What's the fuss about this movie? Why does everyone think so poorly of this? Well, in my opinion they compare this film to the Best Picture movies. This is not a Best Picture film, but a very entertaining popcorn film. This tells the tale of aliens attacking Earth and a group of survivors must unite together to destroy the invading aliens. The acting is decent. Will Smith, with a movie career underway, is excellent. Bill Pullman is great as the President. The effects were amazing especially when the buildings were blown up. David Arnold's music score is just fantastic. The theme is still stuck in my head. Overall, this is an excellent film. I rate this film a 10/10.


I am just shocked at all the negative reviews by pseudo-intellectuals saying the film was heavily flawed, incomprehensible, devoid of any merit, and "lame", to quote a few. What were they expecting? A remake of 2001: A Space Odyssey. Sure, I am not going to pretend the film does not has many glaring weaknesses. The plot is hardly original; its execution is even less inspiring. Roland Emmerich goes out of his way to use every cliche in the book, over-sentimentality, weak, flat characterizations, incredible jumps in logic and reasoning made on the viewer, and the use of special effects to overcome these shortcomings. But what some of the reviewers seemed to have missed, and its there as substantiated by the huge popularity of the film, is heart. The film has a lot of heart. It makes you feel good after watching it. And although that quality does not make it a great film, it certainly makes it a good film in my book. The film is vastly entertaining, very suspenseful, a delight for the eyes with dazzling special effects, and even has some dialogue that does just rise above its hackneyed origins. The acting is adequate all around with no one pulling off a great performance, but a few doing marvelous jobs with what they have to work with. Judd Hirsch easily out acts his fellow colleagues as a Jewish father with a gift for common sense and lack of tact. Jeff Goldblum also gives a pretty good performance as his son. Yeah, Will Smith is just Will Smith..lots of one liners and little meat so to speak. But he is bearable. Watch for Brent Spiner in an outrageous role as a hippie scientist. His performance is a real hoot! If you are looking for philosophical science fiction, this is not it. See Starship Troopers(a great film). This is just good old Americans against the universe stuff, lots of action but little substance. But whatever it may have as its faults, it is a fun, happy, sad, charming, engrossing film to watch...time and time again.

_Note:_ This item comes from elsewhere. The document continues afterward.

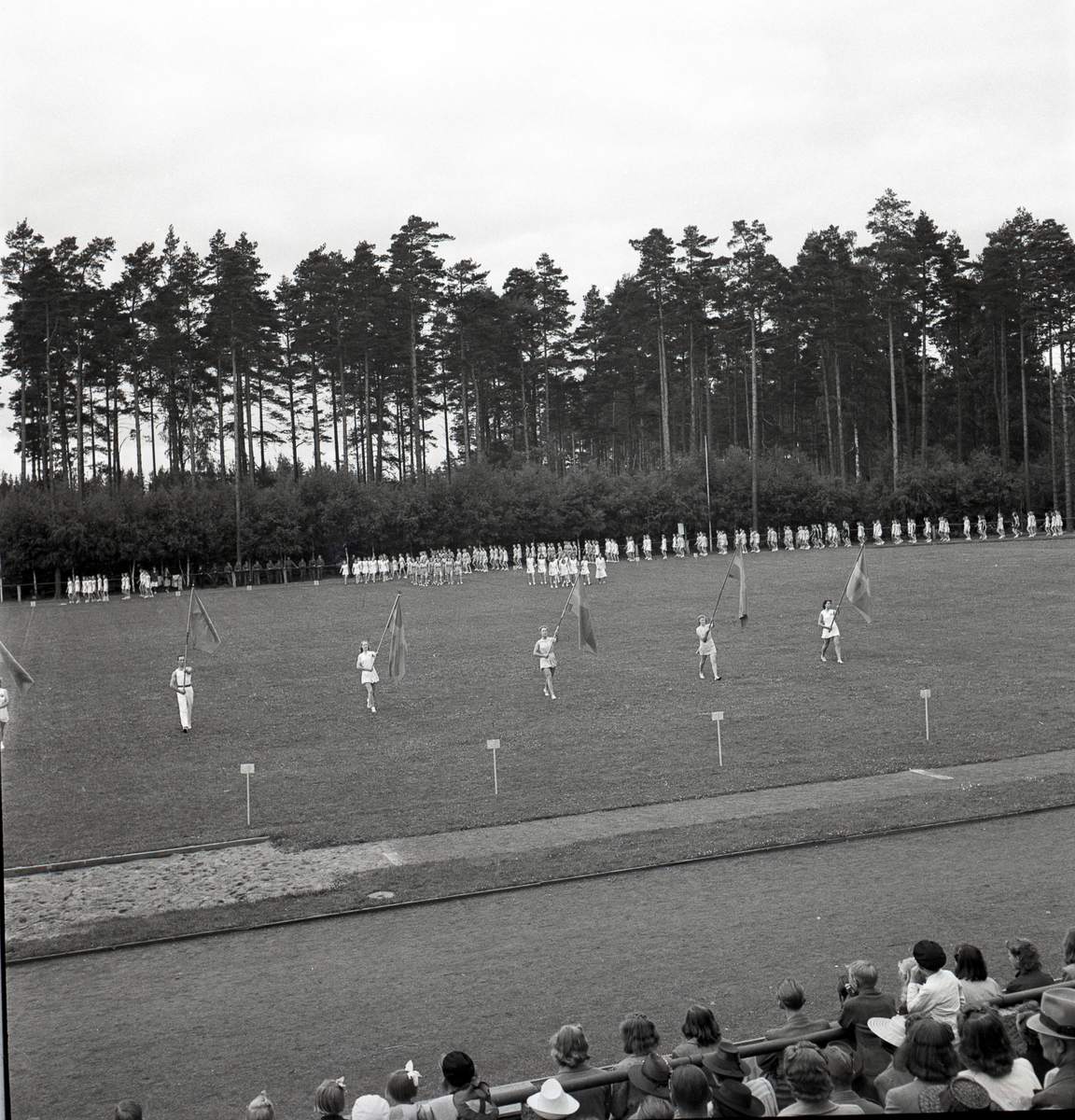 Intåg av gymnaster på Värendsvallen under Gymnastikens dag.

I don't usually comment on this, I don't like to portray a movie as being good or bad just on my opinion, as everyone has their own tastes and needs when it comes to cinema. But god damn, why do so many people hate this film.

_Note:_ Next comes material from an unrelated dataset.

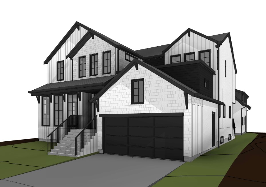 render a modern two story house with a black and white color palette it s a modern farmhouse style home the house features a black roof and black window frames contrasted by white siding and white trim the garage doors are also black the pathway and stairs are light gray leading to a well maintained green lawn set this scene in a bright sunny atmosphere with clear blue skies casting natural shadows and highlighting the modern architectural details the overall mood is contemporary and inviting the landscape should be modern with grasses and lavendars sunny day with some clouds architecture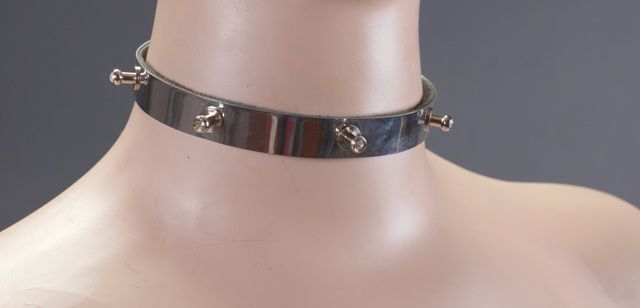 Узкий ошейник выполнен из металла и декорирован металлическими шипами со стразами. Мягкая подкладка делает ошейник удобным и комфортным для ежедневной носки. Ширина - 1,5 см.

Firstly, this is not a serious film, it has never happened nor will it ever. This film is just damn good fun to watch...the explosions, the suspense, the cheesy one-liners...its not trying to tell you that aliens are coming to blow the s**t of of us...its entertainment. To all the people here that have said this is the worst movie ever...you guys need need to watch more movies, because if this is the worst movie ever then im Santa clause! To put it simply, this is 2 and a half hours of fun filled, edge of the seat (occasionally have a laugh) action...and nothing else.

Why cant people just enjoy a independence day for what it is (as mentioned above)...not why its improbable etc etc etc we all know that duh! This film is entertaining, full stop!! and thats all its supposed to be.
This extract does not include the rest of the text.